I am absolutely disgusted and appalled by the sexually suggestive remarks about women that were made [link]. Some appear benign, perhaps even categorized as compliments rather than harassment, but the individual who wanted to “call dibs” on the “Jennifer Lawrence look-alike” is a total creep. And the body shaming comment [link]? Please have several seats.

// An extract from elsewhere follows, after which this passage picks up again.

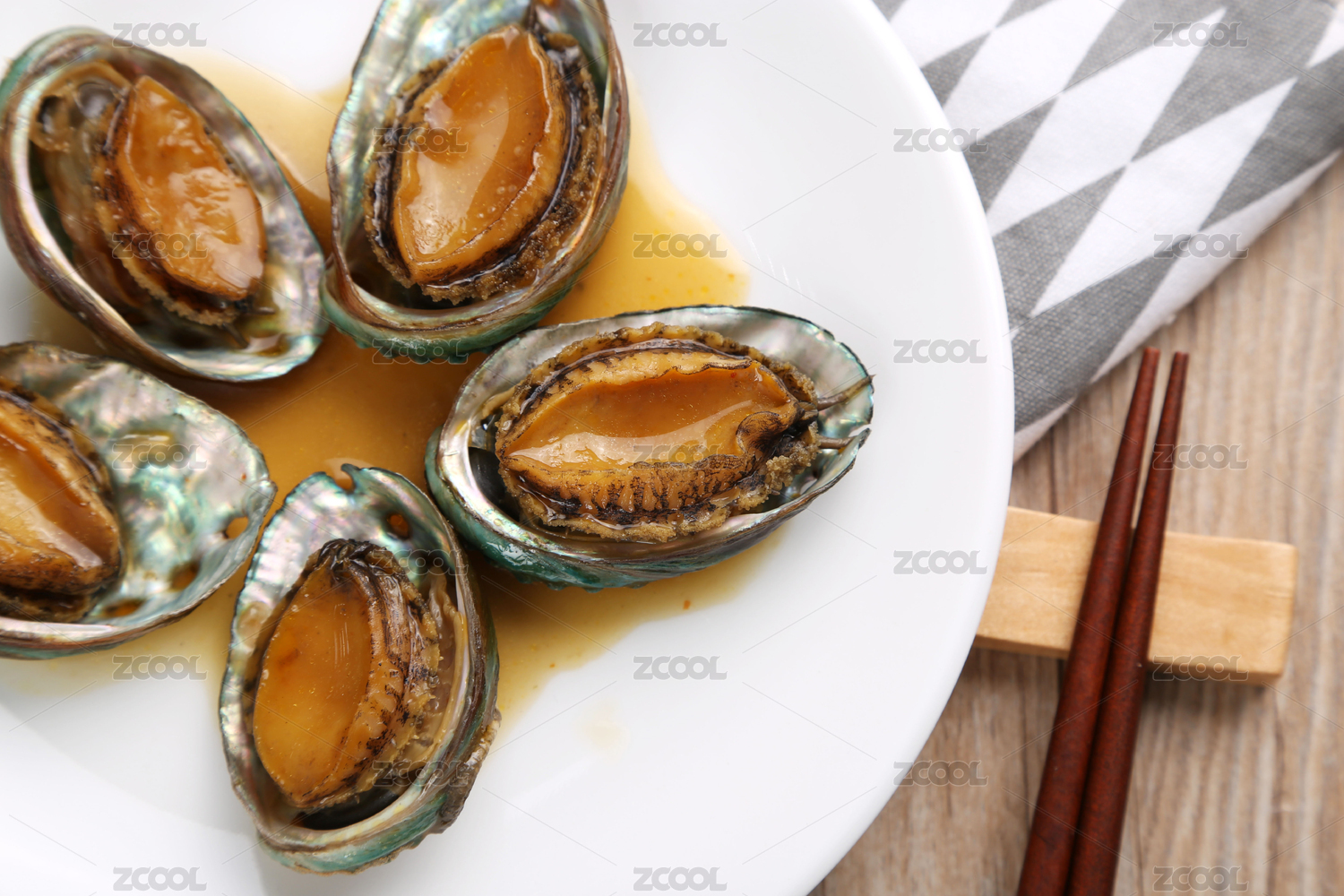 中国美食海鲜晚餐美味的鲍鱼特写

Besides exposing some sexism and sizism, the Yaks have also shown something that we already know – some folks believe that conferences are vacations. Now, sometimes people have to fully fund their conference attendance so I say they can vacation their little heart out. But the entitlement of some people, such as this Yak, is eye-wincing. Comments like this also go back to the issue of “work-life balance”. To be honest, we probably don’t have any balance because we waste so much time discussing this subject, but there is something seriously wrong when student affairs professionals feel their conference trip is the only time they get to be away from students…

The responses to these Yaks has been interesting. Many have harshly condemned the yaks, a few have joked about it and don’t take them seriously, and some see the Yaks as part of a larger professional crisis.

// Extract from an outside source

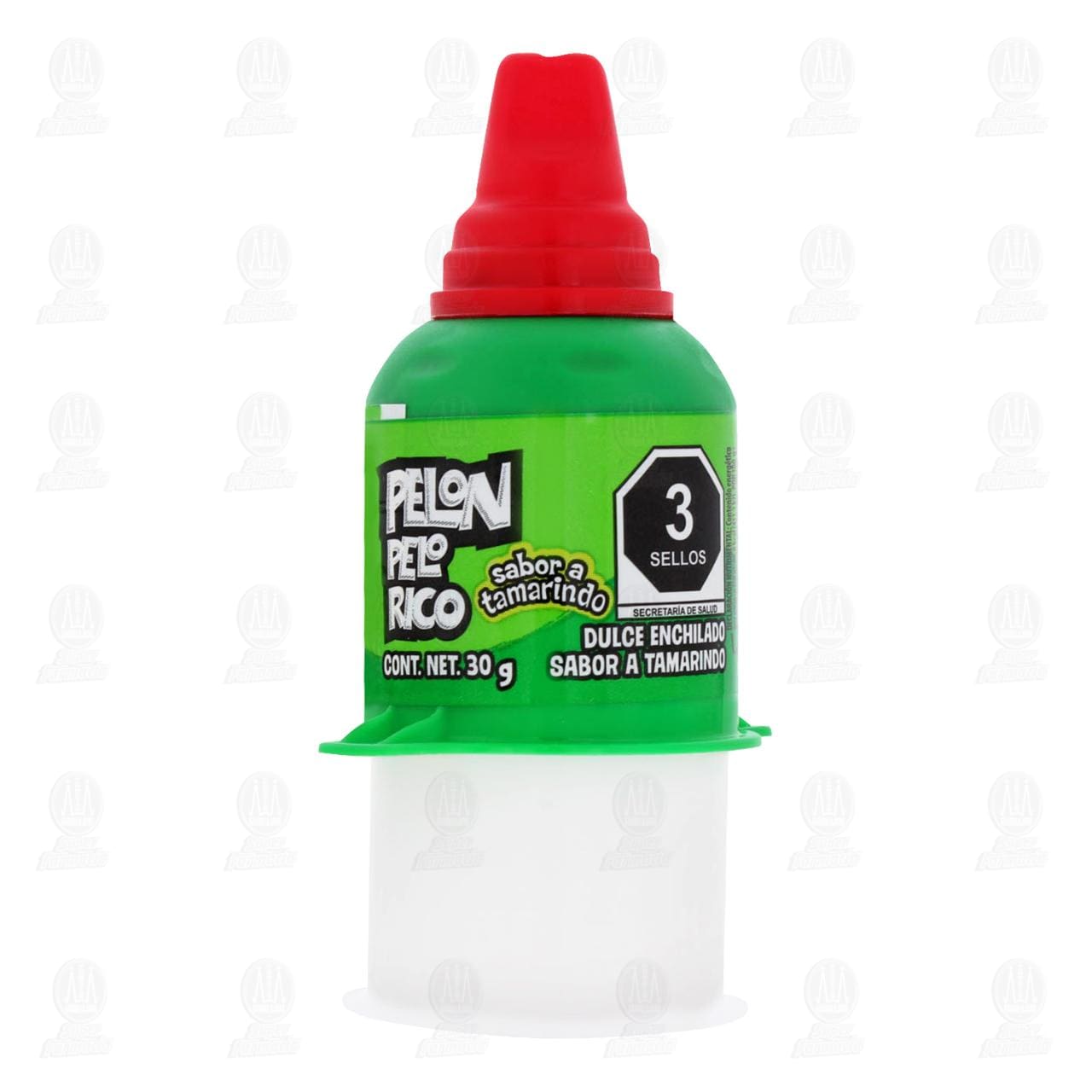 Dulce enchilado Pelon Pelo Rico, sabor a tamarindo. Contiene 30 gramos.

Regarding the latter, I have to say this: Student Affairs does exist in external formulas when it comes to the profession’s credibility. I’ve seen quite a few tweets worrying how these Yaks could ruin ‘everything we’ve worked for’ to make ourselves credible to faculty, administration, and other key populations (something I think we need to stop worrying about altogether). But let’s stop that hand-wringing right here: Student Affairs has problems, yes, but so does every other profession. Academic Affairs is always in the news for scandals, whether it is the behavior of professors smoking on airplanes or the many accounts of racism, and sexual harassment/assault. We’re gonna be alright, #SAfam.

So, how should we respond?

The statement by NASPA was a great addition to the chorus of folks calling out the behavior on Twitter. I hope we continue to have this conversation within professional development for staff and graduate students. Additionally, I hope that we can be professional in these conversations online and offline – already I’ve seen comments that I perceive as unprofessional in the method of how they are critiquing the #naspa15 Yik Yak people.

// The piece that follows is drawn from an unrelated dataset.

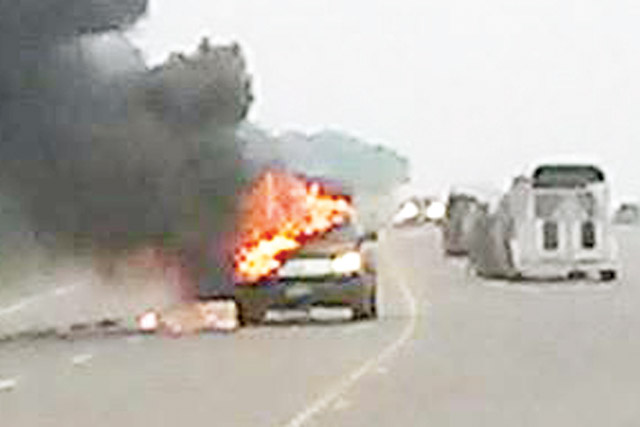 Pictured is the scene of a car fire that occurred on State Highway 100 in Los Fresnos on Sunday.

PLEASE watch this TedTalk by Monica Lewinisky (“The Price of Shame“) that has been receiving acclaim lately. Recognize that cyber-bullying hurts – this is for both the people that have been mentioned on YikYak as well as how we treat the people who made the mistake of posting harmful and sometimes disturbing comments.

In addition, please read this series of tweets by @BlackGirlDanger on how we shouldn’t publicly shame people who mess up and instead provide space for them to do better. Remember – even Darth Vader was able to redeem himself from the Dark Side.

Thanks,

@NikiMessmore

 

Yik YUCK: Anonymous Social Media at a Student Affairs Conference

On My Desk: Function and Fun

By Josie Ahlquist

I recently reclaimed my desk.

It was taken by books, random post-it’s, binders and too many picture frames.  In every office and campus I have worked, office visitors have commented on the “liveliness” to my office.  Call it busy, full or colorful.  There has always been a lot going on.

Not messy, just full.  I like to think full of life.  I want my personality into my work, which includes function and fun.

Especially working on a college campus, if I was going to spend so much time in the office I wanted to be comfortable.  Not like a couch and sleeping bag, but memento’s, books and photos.  For some I know this wouldn’t work.  Simplicity and empty shelves may bring on a sense of comfort.

Now, working from a home office it is nearly impossible to make a distinction from personal and professional.  I share my office with what serves as a guest bedroom, extra storage and an ever-present puppy ready to play.

Moving into the dissertation phase of my doctoral program my desk is going to be crucial.  From data collecting, analysis and reporting.  Nine-month countdown is on to May 15th 2015!  I recently wrote about my dissertation topic on my blog, feel free to read more about that here.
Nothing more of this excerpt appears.